# Serre-Tate Theory 1

Today we’ll try to answer the question: What is Serre-Tate theory? It’s been a few years, but if you’re not comfortable with formal groups and ${p}$-divisible groups, I did a series of something like 10 posts on this topic back here: formal groups, p-divisible groups, and deforming p-divisible groups.

The idea is the following. Suppose you have an elliptic curve ${E/k}$ where ${k}$ is a perfect field of characteristic ${p>2}$. In most first courses on elliptic curves you learn how to attach a formal group to ${E}$ (chapter IV of Silverman). It is suggestively notated ${\widehat{E}}$, because if you unwind what is going on you are just completing the elliptic curve (as a group scheme) at the identity.

Since an elliptic curve is isomorphic to it’s Jacobian ${Pic_E^0}$ there is a conflation that happens. In general, if you have a variety ${X/k}$ you can make the same formal group by completing this group scheme and it is called the formal Picard group of ${X}$. Although, in general you’ll want to do this with the Brauer group or higher analogues to guarantee existence and smoothness. Then you prove a remarkable fact that the elliptic curve is ordinary if and only if the formal group has height ${1}$. In particular, since the ${p}$-divisible group is connected and ${1}$-dimensional it must be isomorphic to ${\mu_{p^\infty}}$.

It might seem silly to think in these terms, but there is another “enlarged” ${p}$-divisible group attached to ${E}$ which always has height ${2}$. This is the ${p}$-divisible group you get by taking the inductive limit of the finite group schemes that are the kernel of multiplication by ${p^n}$. It is important to note that these are non-trivial group schemes even if they are “geometrically trivial” (and is the reason I didn’t just call it the “${p^n}$-torsion”). We’ll denote this in the usual way by ${E[p^\infty]}$.

I don’t really know anyone that studies elliptic curves that phrases it this way, but since this theory must be generalized in a certain way to work for other varieties like K3 surfaces I’ll point out why this should be thought of as an enlarged ${p}$-divisible group. It is another standard fact that ${E}$ is ordinary if and only if ${E[p^\infty]\simeq \mu_{p^\infty}\oplus \mathbb{Q}_p/\mathbb{Z}_p}$. In fact, you can just read off the connected-etale decomposition:

$\displaystyle 0\rightarrow \mu_{p^\infty}\rightarrow E[p^\infty] \rightarrow \mathbb{Q}_p/\mathbb{Z}_p\rightarrow 0$

We already noted that ${\widehat{E}\simeq \mu_{p^\infty}}$, so the ${p}$-divisible group ${E[p^\infty]}$ is a ${1}$-dimensional, height ${2}$ formal group whose connected component is the first one we talked about, i.e. ${E[p^\infty]}$ is an enlargement of ${\widehat{E}}$. For a general variety, this enlarged formal group can be defined, but it is a highly technical construction and would take a lot of work to check that it even exists and satisfies this property. Anyway, this enlarged group is the one we need to work with otherwise our deformation space will be too small to make the theory work.

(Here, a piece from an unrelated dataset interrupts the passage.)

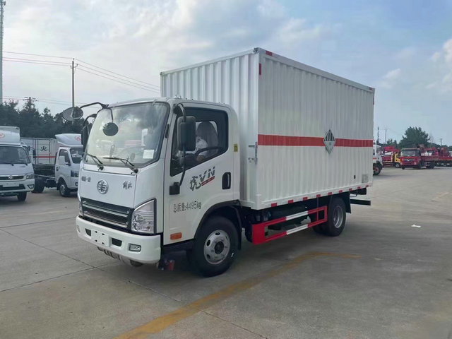 劇毒物品的運(yùn)輸我們采用的是此款廂式貨車的類型來進(jìn)行生產(chǎn)的,廂式貨車對(duì)于運(yùn)輸各類噸桶包裝的貨物有一個(gè)很好的密封安全保障,能夠?qū)τ谡w的貨物運(yùn)輸有一個(gè)很好的穩(wěn)定性,此款圖中的車型我們采用的是解放的車型,是一款廂長(zhǎng)4.2米,可以符合上藍(lán)牌,在市區(qū)配送的標(biāo)準(zhǔn)車型。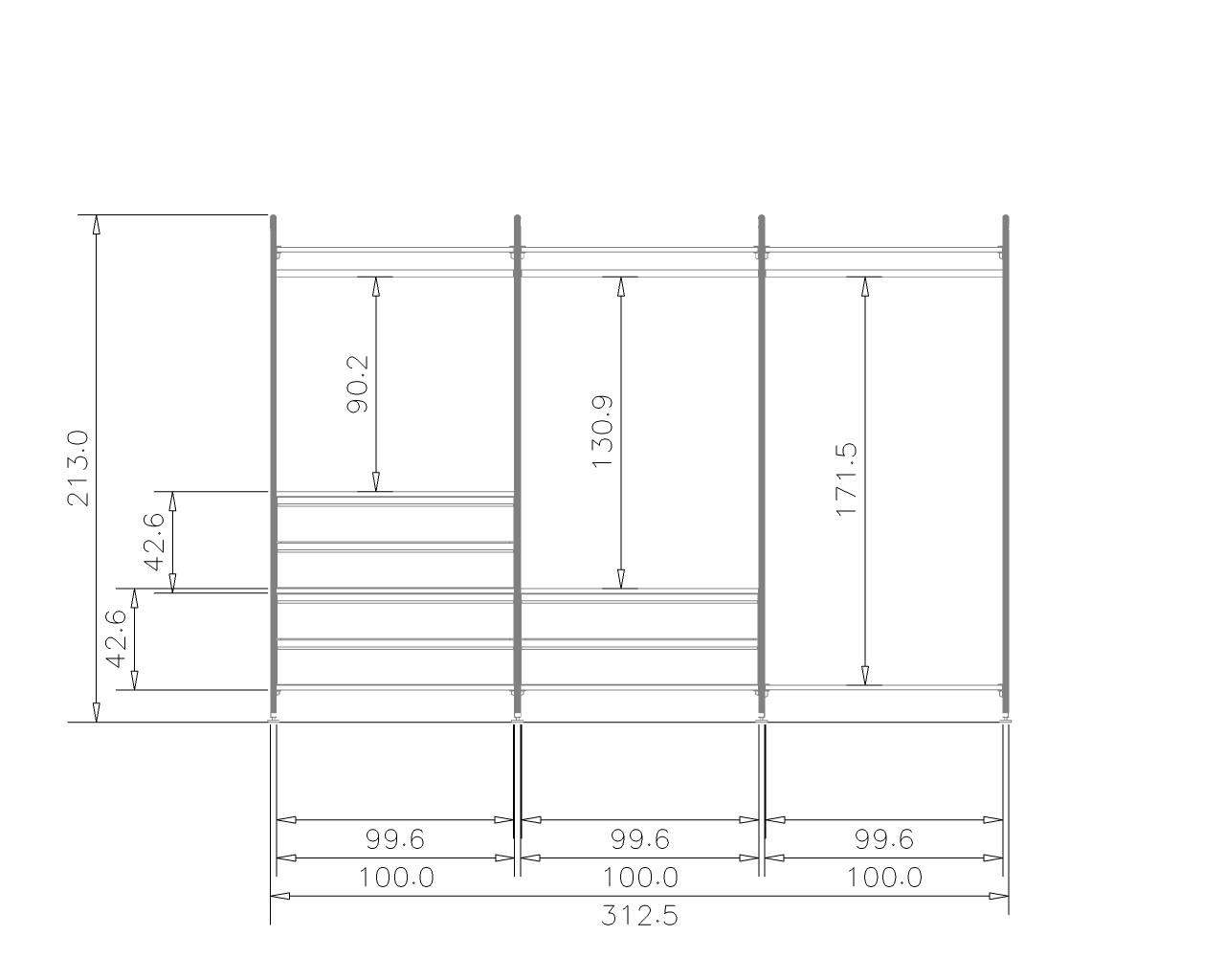 Breite: 335 cm | Höhe: 213 cm | Tiefe: 54 cm | Toleranzen möglich | Stellfuß 15 mm heraus | Montage: Selbstmontage mit Anleitung

Here’s what Serre-Tate theory is all about. If you take a deformation of your elliptic curve ${E}$ say to ${E'}$, then it turns out that ${E'[p^\infty]}$ is a deformation of the ${p}$-divisible group ${E[p^\infty]}$. Thus we have a natural map ${\gamma: Def_E \rightarrow Def_{E[p^\infty]}}$. The point of the theory is that it turns out that this map is an isomorphism (I’m still assuming ${E}$ is ordinary here). This is great news, because the deformation theory of ${p}$-divisible groups is well-understood. We know that the versal deformation of ${E[p^\infty]}$ is just ${Spf(W[[t]])}$. The deformation problem is unobstructed and everything lives in a ${1}$-dimensional family.

Of course, let’s not be silly. I’m pointing all this out because of the way in which it generalizes. We already knew this was true for elliptic curves because for any smooth, projective curve the deformations are unobstructed since the obstruction lives in ${H^2}$. Moreover, the dimension of the space of deformations is given by the dimension of ${H^1(E, \mathcal{T})}$. But for an elliptic curve ${\mathcal{T}\simeq \mathcal{O}_X}$, so by Serre duality this is one-dimensional.

On the other hand, we do get some actual information from the Serre-Tate theory isomorphism because ${Def_{E[p^\infty]}}$ carries a natural group structure. Thus an ordinary elliptic curve has a “canonical lift” to characteristic ${0}$ which comes from the deformation corresponding to the identity.